## Task goal:
Transcribe the listing exactly, so that nothing but the pictures is missing.

## Recorded information:

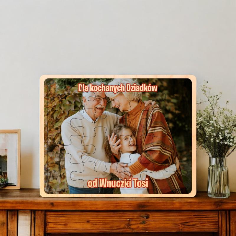 Prezent na dzień Babci i Dziadka drewniane puzzle z dedykacją
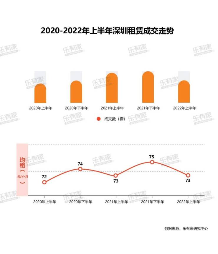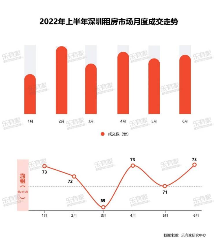 月度租赁成交上,1月是春节前期租赁量走低但价格稳定;3月是“疫情月”,量价齐跌。6月开始逐渐进入毕业季,租赁成交量有上涨趋势。全年的租赁成交高峰一般出现在三季度,当前深圳均租水平在73元/㎡·月。
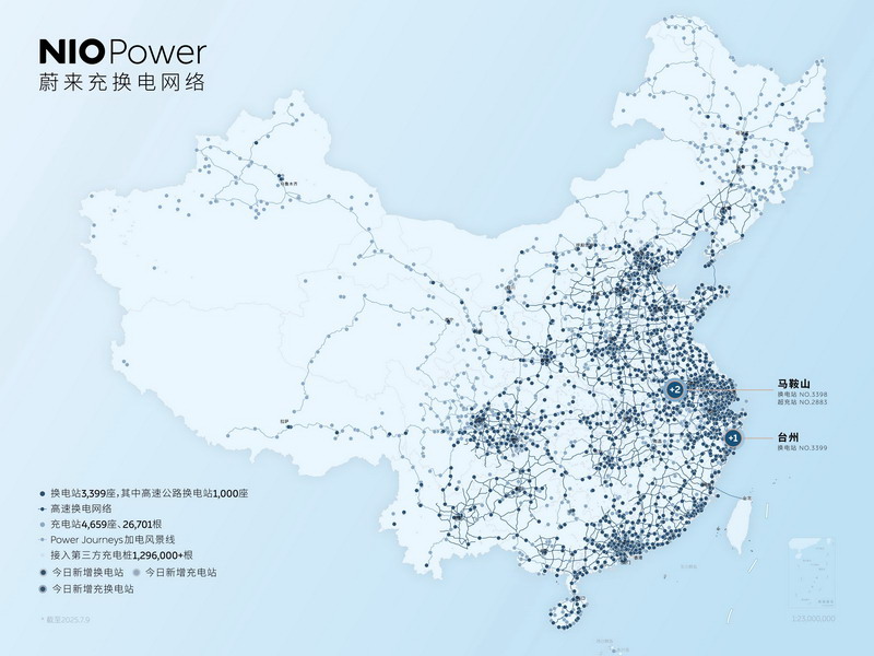 千站计划实现后,蔚来、乐道用户均可通过高速换电网络畅行全国,出行和燃油车一样方便。从三亚到齐齐哈尔、从上海到丽江、从澳门到银川,蔚来、乐道用户都可以通过高速公路换电网络直达。截至目前,蔚来高速公路换电站累计为用户提供近1350万次高速换电服务,换电补能已经成为新能源车高速出行最优解。

## Reply to the task:
 Prezent na dzień Babci i Dziadka drewniane puzzle z dedykacją
 月度租赁成交上,1月是春节前期租赁量走低但价格稳定;3月是“疫情月”,量价齐跌。6月开始逐渐进入毕业季,租赁成交量有上涨趋势。全年的租赁成交高峰一般出现在三季度,当前深圳均租水平在73元/㎡·月。
 千站计划实现后,蔚来、乐道用户均可通过高速换电网络畅行全国,出行和燃油车一样方便。从三亚到齐齐哈尔、从上海到丽江、从澳门到银川,蔚来、乐道用户都可以通过高速公路换电网络直达。截至目前,蔚来高速公路换电站累计为用户提供近1350万次高速换电服务,换电补能已经成为新能源车高速出行最优解。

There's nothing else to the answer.